Industry super funds lose their competitive edge – and the problem may last for years to come
The deep commitment to unlisted assets at leading industry funds is now dragging on performance, and the problem may last for years to come.
It’s a major turnaround. Industry super funds, which had built what looked like an unassailable lead over their commercial rivals, have regularly taken second place as the performance results flow in for the 12 months to July.
For the first time in years, commercial retail super funds such as AMP and Colonial have shone brighter than major industry funds often linked with large trade unions.
What happened? The “unlisted assets” that powered industry funds to great heights over the last decade led them to a relative underperformance in the last 12 months.
When interest rates were low, industry funds holding in unlisted assets such as toll roads and bridges were a major winner – but then interest rates started to lift. The advantage is now becoming a disadvantage.
It also means big funds substantially missed a thumping sharemarket upswing, especially on overseas markets in recent months.
What’s more, the relative weakness exposed at big funds such as AustralianSuper and CBUS may last for years because fund managers cannot easily change their mix of investments when it comes to unlisted assets.
Indeed the funds themselves talked of the illiquidity issue as a point of difference in recent years, it’s now a legacy issue.
There are always variations in comparing super funds and difficulties around the exact definitions of balanced or growth.
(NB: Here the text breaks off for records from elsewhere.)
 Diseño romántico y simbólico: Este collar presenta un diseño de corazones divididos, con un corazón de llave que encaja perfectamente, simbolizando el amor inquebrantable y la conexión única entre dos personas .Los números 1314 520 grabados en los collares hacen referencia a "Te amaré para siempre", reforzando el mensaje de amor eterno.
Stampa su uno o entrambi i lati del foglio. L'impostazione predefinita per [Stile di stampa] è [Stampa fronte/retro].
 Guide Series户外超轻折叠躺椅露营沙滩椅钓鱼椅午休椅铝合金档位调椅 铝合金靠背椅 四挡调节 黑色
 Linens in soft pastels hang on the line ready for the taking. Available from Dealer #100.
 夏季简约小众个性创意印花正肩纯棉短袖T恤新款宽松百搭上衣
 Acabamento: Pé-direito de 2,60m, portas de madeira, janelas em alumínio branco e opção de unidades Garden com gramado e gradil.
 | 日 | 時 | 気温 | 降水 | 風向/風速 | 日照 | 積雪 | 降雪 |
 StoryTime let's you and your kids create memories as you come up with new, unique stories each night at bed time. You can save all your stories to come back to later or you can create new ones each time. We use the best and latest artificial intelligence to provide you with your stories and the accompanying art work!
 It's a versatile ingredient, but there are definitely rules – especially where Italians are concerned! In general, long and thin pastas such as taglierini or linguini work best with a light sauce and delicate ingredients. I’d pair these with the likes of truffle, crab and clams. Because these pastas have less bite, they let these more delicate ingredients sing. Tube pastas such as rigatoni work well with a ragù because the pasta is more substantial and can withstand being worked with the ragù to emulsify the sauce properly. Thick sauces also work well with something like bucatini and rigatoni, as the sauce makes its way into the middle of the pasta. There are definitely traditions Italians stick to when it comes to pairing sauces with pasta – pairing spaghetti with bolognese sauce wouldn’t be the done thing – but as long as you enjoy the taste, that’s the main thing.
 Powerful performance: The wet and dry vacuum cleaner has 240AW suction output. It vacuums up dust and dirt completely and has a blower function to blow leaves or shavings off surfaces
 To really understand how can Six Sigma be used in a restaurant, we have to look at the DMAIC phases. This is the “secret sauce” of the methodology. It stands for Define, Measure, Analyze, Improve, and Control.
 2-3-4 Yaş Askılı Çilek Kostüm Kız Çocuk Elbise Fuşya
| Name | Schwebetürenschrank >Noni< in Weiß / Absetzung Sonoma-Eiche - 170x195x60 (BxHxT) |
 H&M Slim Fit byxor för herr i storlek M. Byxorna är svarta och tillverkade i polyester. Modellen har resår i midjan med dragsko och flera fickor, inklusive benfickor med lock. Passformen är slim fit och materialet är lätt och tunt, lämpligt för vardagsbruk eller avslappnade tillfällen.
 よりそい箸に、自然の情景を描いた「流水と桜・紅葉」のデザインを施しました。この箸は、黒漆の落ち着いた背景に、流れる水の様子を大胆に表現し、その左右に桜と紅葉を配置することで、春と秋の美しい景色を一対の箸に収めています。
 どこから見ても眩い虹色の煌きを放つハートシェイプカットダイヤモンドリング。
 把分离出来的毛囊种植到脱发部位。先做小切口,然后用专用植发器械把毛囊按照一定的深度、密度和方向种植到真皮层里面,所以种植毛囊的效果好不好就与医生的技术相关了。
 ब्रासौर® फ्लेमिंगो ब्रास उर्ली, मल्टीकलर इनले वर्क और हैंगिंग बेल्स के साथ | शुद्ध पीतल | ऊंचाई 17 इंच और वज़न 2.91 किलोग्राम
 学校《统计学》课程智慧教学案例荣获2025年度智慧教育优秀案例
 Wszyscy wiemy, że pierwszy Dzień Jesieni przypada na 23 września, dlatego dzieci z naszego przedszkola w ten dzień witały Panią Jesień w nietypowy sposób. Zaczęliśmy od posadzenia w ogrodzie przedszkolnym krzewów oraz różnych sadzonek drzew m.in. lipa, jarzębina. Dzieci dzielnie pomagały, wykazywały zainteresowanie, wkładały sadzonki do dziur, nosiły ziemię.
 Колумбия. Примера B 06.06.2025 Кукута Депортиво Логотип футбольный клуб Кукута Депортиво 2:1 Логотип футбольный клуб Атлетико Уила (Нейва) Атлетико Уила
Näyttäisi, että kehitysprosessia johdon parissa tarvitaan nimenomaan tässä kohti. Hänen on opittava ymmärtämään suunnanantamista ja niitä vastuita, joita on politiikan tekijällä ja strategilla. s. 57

But one thing is already clear: the performance of key industry funds waned in the last 12 months as retail funds rebounded.
Over the 12 months to July – the balanced fund at Colonial First State (FirstChoice Employer Super) managed 12.1 per cent, meanwhile the AustralianSuper Balanced fund managed just 8.5 per cent.
Similarly, AMP reported an 11.1 per cent return on its key MySuper fund while CBUS default fund had returns of 8.4 per cent.
As unlisted assets dragged at performance – especially in the property sector – industry funds had less money to place on the sharemarket.
Driven by technology stocks, sharemarkets were strong over the last 12 months. Performance was exceptional in the US, which roared ahead by more than 20 per cent and now constitutes nearly 70 per cent of the entire global market as represented by the Morgan Stanley All-Country World index.
Even without the contribution of offshore markets, the ASX also performed relatively well with a total return over the period of more than 12 per cent, as key blue chips such as Commonwealth Bank underpinned returns.
As Mark Delaney, the chief investment officer at Australian Super, has pointed out: “If you weren’t in the US, you were just getting modest returns. That is where the money has been made over the years. Those investments exposed to higher interest rates really struggled … Even infrastructure didn’t do as good this year as last year.”
Delaney also explained: “Property, which has got both revenue problems and suffered from the impact of higher interest rates, was the worst-performing asset class.”
Commercial super funds typified by AMP or Colonial with less exposure to unlisted assets are now hoping for a strong calendar 2024. Over the year to date sharemarkets have been bounding ahead. The ASX is up more than 5 per cent, the S&P 500 is up 16 per cent so far.
The issue now for industry funds is that it will be very hard to turn the ship around. The very nature of unlisted illiquid investments is that they must be held for long periods of time – in turn that means that the industry funds will continue to find it hard to fully capture any near-term upswing in the markets.